START MATERIAL FOR THIS EXERCISE

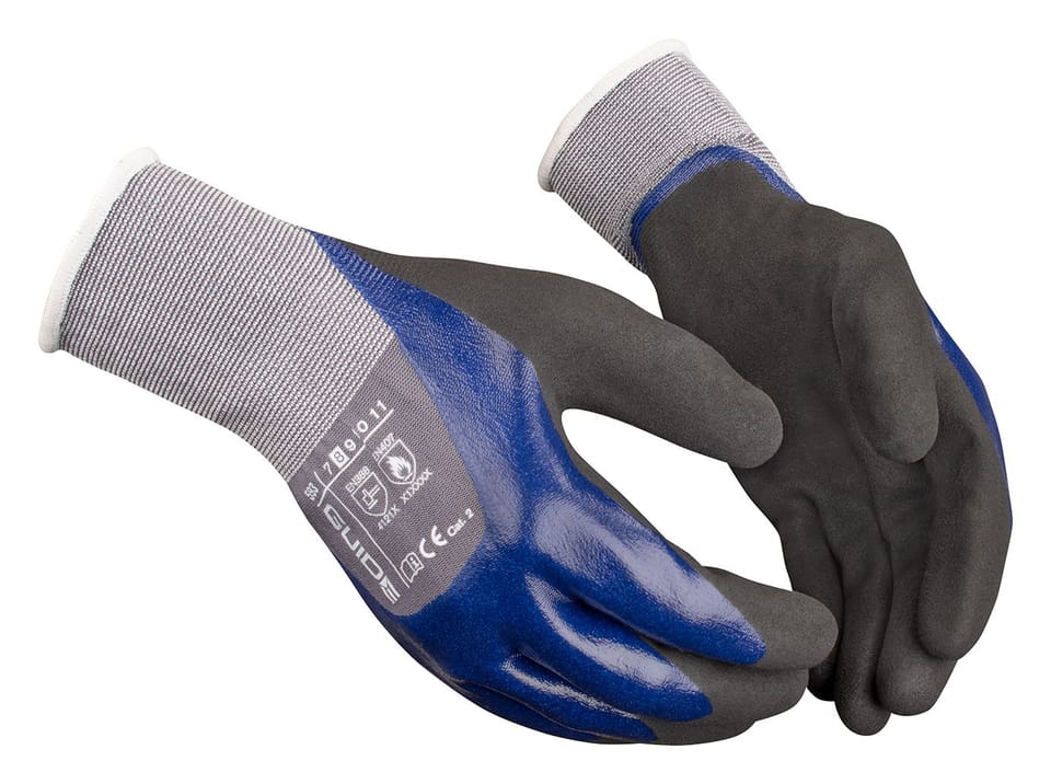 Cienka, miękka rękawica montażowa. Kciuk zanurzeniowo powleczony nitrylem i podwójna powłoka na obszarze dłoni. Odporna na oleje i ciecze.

END MATERIAL FOR THIS EXERCISE
START MATERIAL FOR THIS EXERCISE

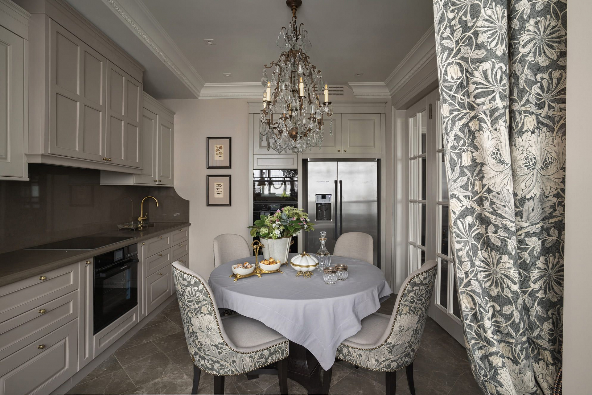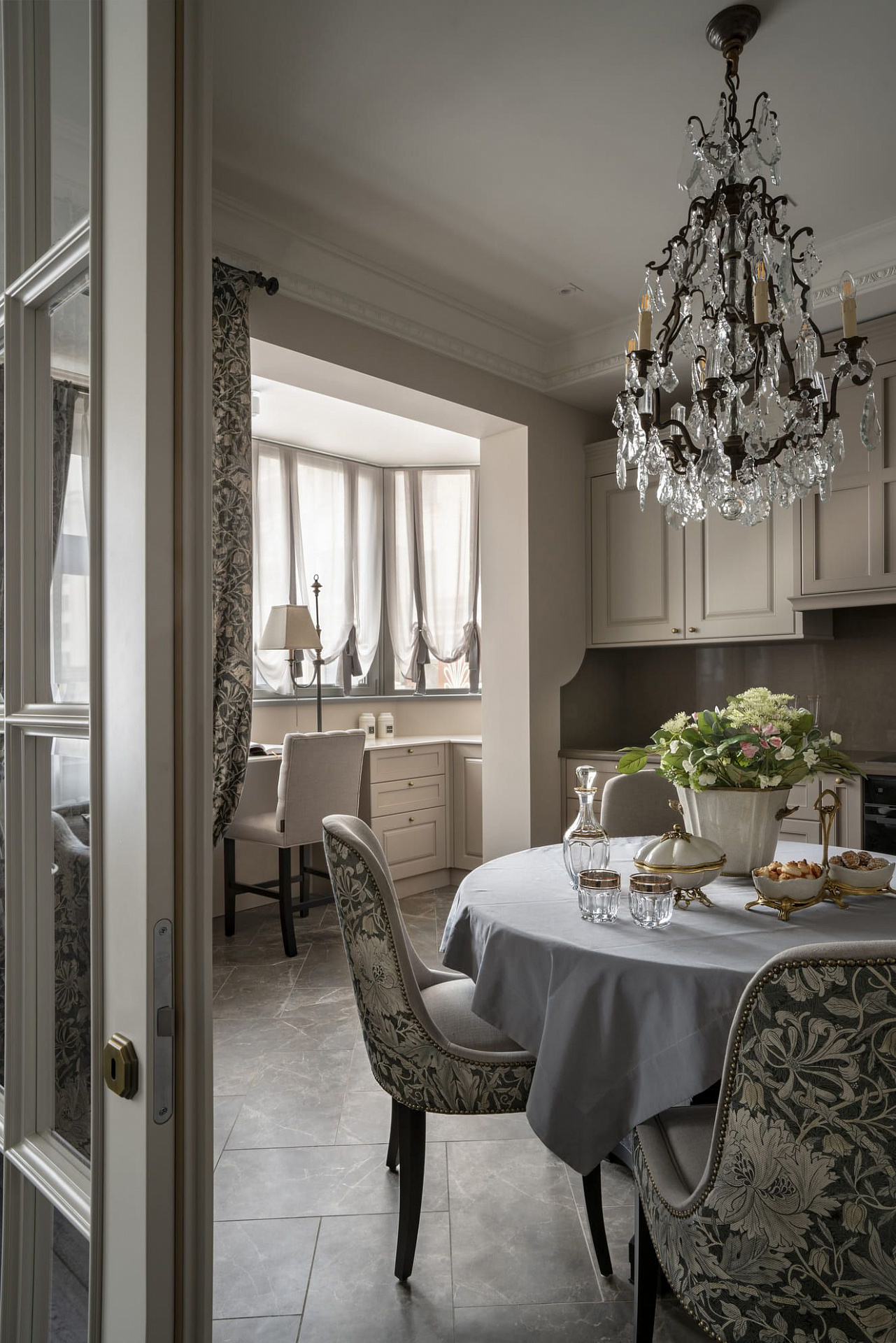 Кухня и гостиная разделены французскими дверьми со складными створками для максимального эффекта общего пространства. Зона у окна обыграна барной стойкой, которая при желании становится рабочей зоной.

END MATERIAL FOR THIS EXERCISE
START MATERIAL FOR THIS EXERCISE

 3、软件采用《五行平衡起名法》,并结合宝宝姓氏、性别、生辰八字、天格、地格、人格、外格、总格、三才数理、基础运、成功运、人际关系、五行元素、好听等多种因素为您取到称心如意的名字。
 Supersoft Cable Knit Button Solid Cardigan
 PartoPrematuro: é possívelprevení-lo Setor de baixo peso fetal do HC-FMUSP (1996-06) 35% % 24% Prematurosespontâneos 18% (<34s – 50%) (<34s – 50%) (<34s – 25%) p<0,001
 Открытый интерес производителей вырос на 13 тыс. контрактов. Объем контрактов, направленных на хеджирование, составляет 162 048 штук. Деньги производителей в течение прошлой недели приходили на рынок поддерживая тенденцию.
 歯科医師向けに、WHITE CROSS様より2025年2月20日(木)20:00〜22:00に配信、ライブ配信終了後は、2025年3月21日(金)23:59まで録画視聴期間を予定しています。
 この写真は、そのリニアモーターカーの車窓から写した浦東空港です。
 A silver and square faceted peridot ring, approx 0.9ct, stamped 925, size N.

END MATERIAL FOR THIS EXERCISE

* AIM OF THE EXERCISE *
Given the data above, transcribe exactly the lines from the one containing "PartoPrematuro: é possívelprevení-lo" down to the one containing "A silver and", and no others.

* RESULT OF THIS EXERCISE *
 PartoPrematuro: é possívelprevení-lo Setor de baixo peso fetal do HC-FMUSP (1996-06) 35% % 24% Prematurosespontâneos 18% (<34s – 50%) (<34s – 50%) (<34s – 25%) p<0,001
 Открытый интерес производителей вырос на 13 тыс. контрактов. Объем контрактов, направленных на хеджирование, составляет 162 048 штук. Деньги производителей в течение прошлой недели приходили на рынок поддерживая тенденцию.
 歯科医師向けに、WHITE CROSS様より2025年2月20日(木)20:00〜22:00に配信、ライブ配信終了後は、2025年3月21日(金)23:59まで録画視聴期間を予定しています。
 この写真は、そのリニアモーターカーの車窓から写した浦東空港です。
 A silver and square faceted peridot ring, approx 0.9ct, stamped 925, size N.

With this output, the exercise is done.